Gabe Newell: Hälfte der Bitcoin-Transaktionen bei Steam waren Betrug

Valve-Chef Gabe Newell hat angegeben, dass ein Grund für die Abschaffung von Bitcoin-Zahlungen bei Steam Betrug gewesen ist. Zwischen April 2016 und Dezember 2017 konnten Steam-Nutzer ihre Spiele auch in Bitcoin bezahlen , ehe Valve die Möglichkeit wieder zurückzog .
Als Grund wurde damals genannt, dass die Gebühren für die Transaktionen zu hoch waren. Im Gespräch mit der Webseite PC Gamer(öffnet im neuen Fenster) sagt Newell nun allerdings, dass 50 Prozent der Bezahlvorgänge betrügerisch waren. "Dies waren Kunden, die wir nicht haben wollten" , erklärt er.
Newell erinnert sich zudem, dass die Kursschwankungen des Bitcoin "ein totaler Albtraum" gewesen seien. Nutzer sollen nicht gerade glücklich darüber gewesen sein, dass ein Spiel an einem Tag 10 US-Dollar und am nächsten Tag 100 US-Dollar gekostet hat. Für Valve dürften Umtausche von Spielen durch Kursschwankungen umständlich und möglicherweise auch nachteilig gewesen sein.
Blockchain bietet Newell zufolge Vorteile, die die meisten Nutzer nicht anzuwenden wissen
Newells Meinung hat sich in den letzten Jahren offenbar wenig geändert: "Es gibt eine Menge interessanter Technologien mit Blockchain und dezentraler Buchführung (Distributed Ledger). Ich glaube aber, die meisten Menschen haben noch nicht herausgefunden, warum man eine dezentrale Buchführung braucht."

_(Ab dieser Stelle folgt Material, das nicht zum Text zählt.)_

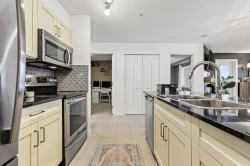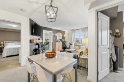 Welcome to Legacy—where style, comfort, and convenience converge in one of Calgary’s most desirable and thoughtfully planned communities. This beautifully appointed 3-bedroom, 2-bath second-floor condo offers a rare opportunity with 938 square feet of exceptional living space, seamlessly designed for both functionality and modern living. From the moment you step inside, you’re greeted by a generous foyer finished with durable tile flooring, which extends into the laundry room and pantry, offering abundant storage—an unexpected luxury in condo living. The heart of the home opens into a beautifully decorated and stylishly finished living area, highlighted by a granite extended island, modern backsplash, and shaker-style cabinetry paired with sleek stainless steel appliances. Every detail feels curated, creating a space that’s as inviting as it is sophisticated. The spacious primary suite is a true retreat, featuring an oversized window that fills the room with natural light, a walk-through closet, and a 3-piece ensuite complete with granite counters, beautiful gold vanity hardware, and an oversized glass-enclosed shower. Two additional sizeable bedrooms—each with ample closet space, and one with another large window—provide versatility for family, guests, or a dedicated home office. Step outside onto the large covered deck, framed with iron railing and overlooking a dedicated stretch of greenspace accented by mature bushes and trees. It’s the perfect spot to unwind, sip a morning coffee, or enjoy Calgary’s warm summer evenings. This exceptional condo also includes a titled underground parking stall and plenty of visitor parking right out front. Just steps away, you’ll find the vibrant offerings of Legacy Township—restaurants, groceries, fitness, shopping, and all the essentials at your fingertips. Living in Legacy means embracing a lifestyle where nature, convenience, and community meet. Home to over 300 acres of environmental reserve, 12 playgrounds, four commercial districts, All Saints High School, and a brand-new K–9 school opening in 2026, Legacy truly offers everything your family needs. With close proximity to the Bow River, Fish Creek Park, Spruce Meadows, and quick access to Macleod Trail and Stoney Trail, adventure and amenities are always within reach. Even the mountains call from just minutes away. Legacy Heights isn’t just a place to live—it’s a place to thrive. Welcome home.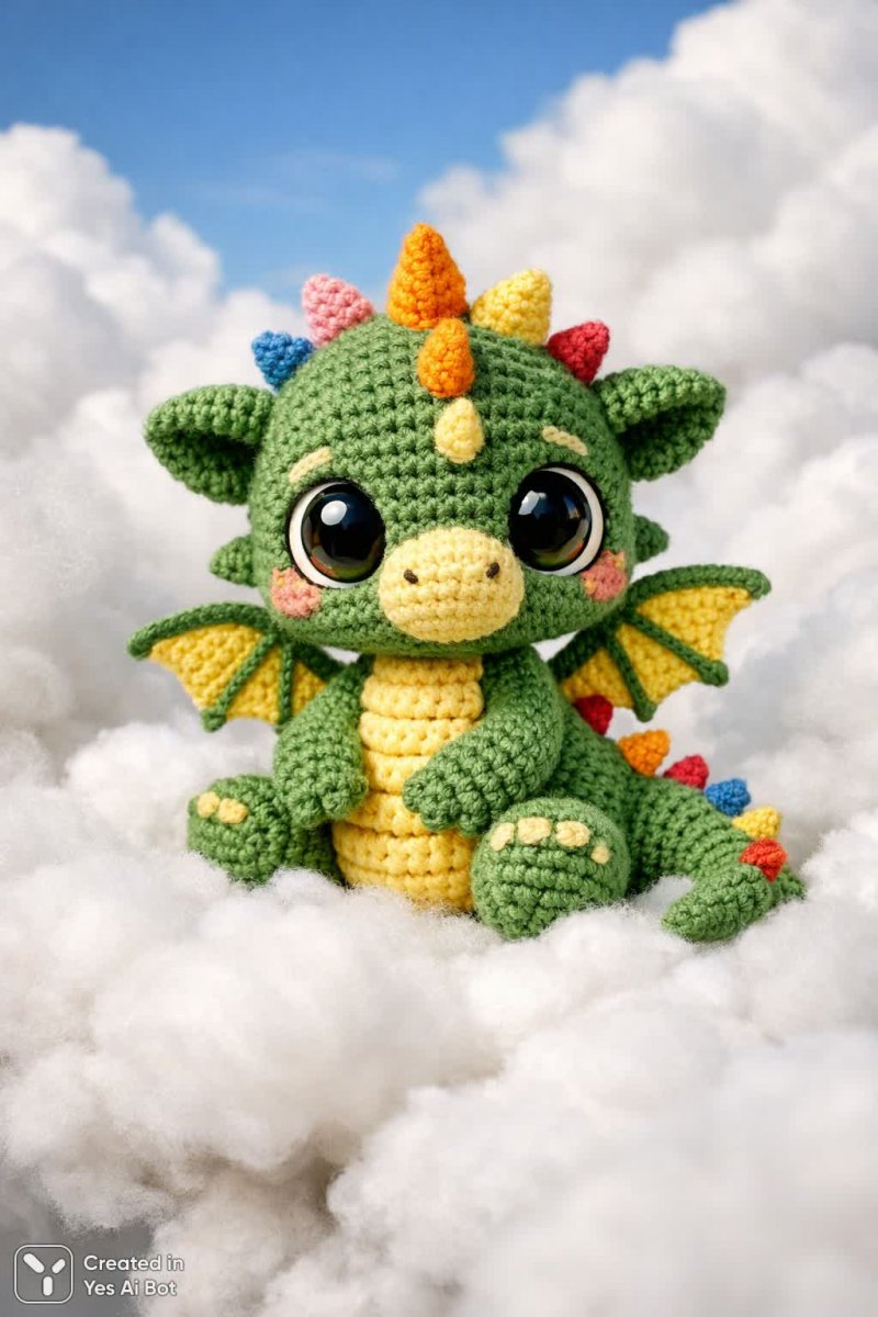 small crocheted dragon toy made of green and yellow yarn, big round eyes and tiny wings, body adorned with colorful spikes, sitting on a fluffy white cloud background, playful and whimsical.

"Es gibt einen Unterschied zwischen dem, was Blockchain sein sollte, und dem, was es momentan in der echten Welt ist" , sagt Newell. Ihm zufolge sollte Steam nicht dazu verwendet werden, Nutzer zu betrügen. Daher wurden die Bitcoin-Zahlungen bei Steam aufgegeben - und sicherlich auch deswegen, weil die Preise der Spiele wegen des mitunter sehr volatilen Kurses zu stark schwankten. Die Spiele-Plattform Steam verzeichnet über 1 Milliarde Nutzerkonten. Täglich sollen rund 47 Millionen Nutzer Steam verwenden.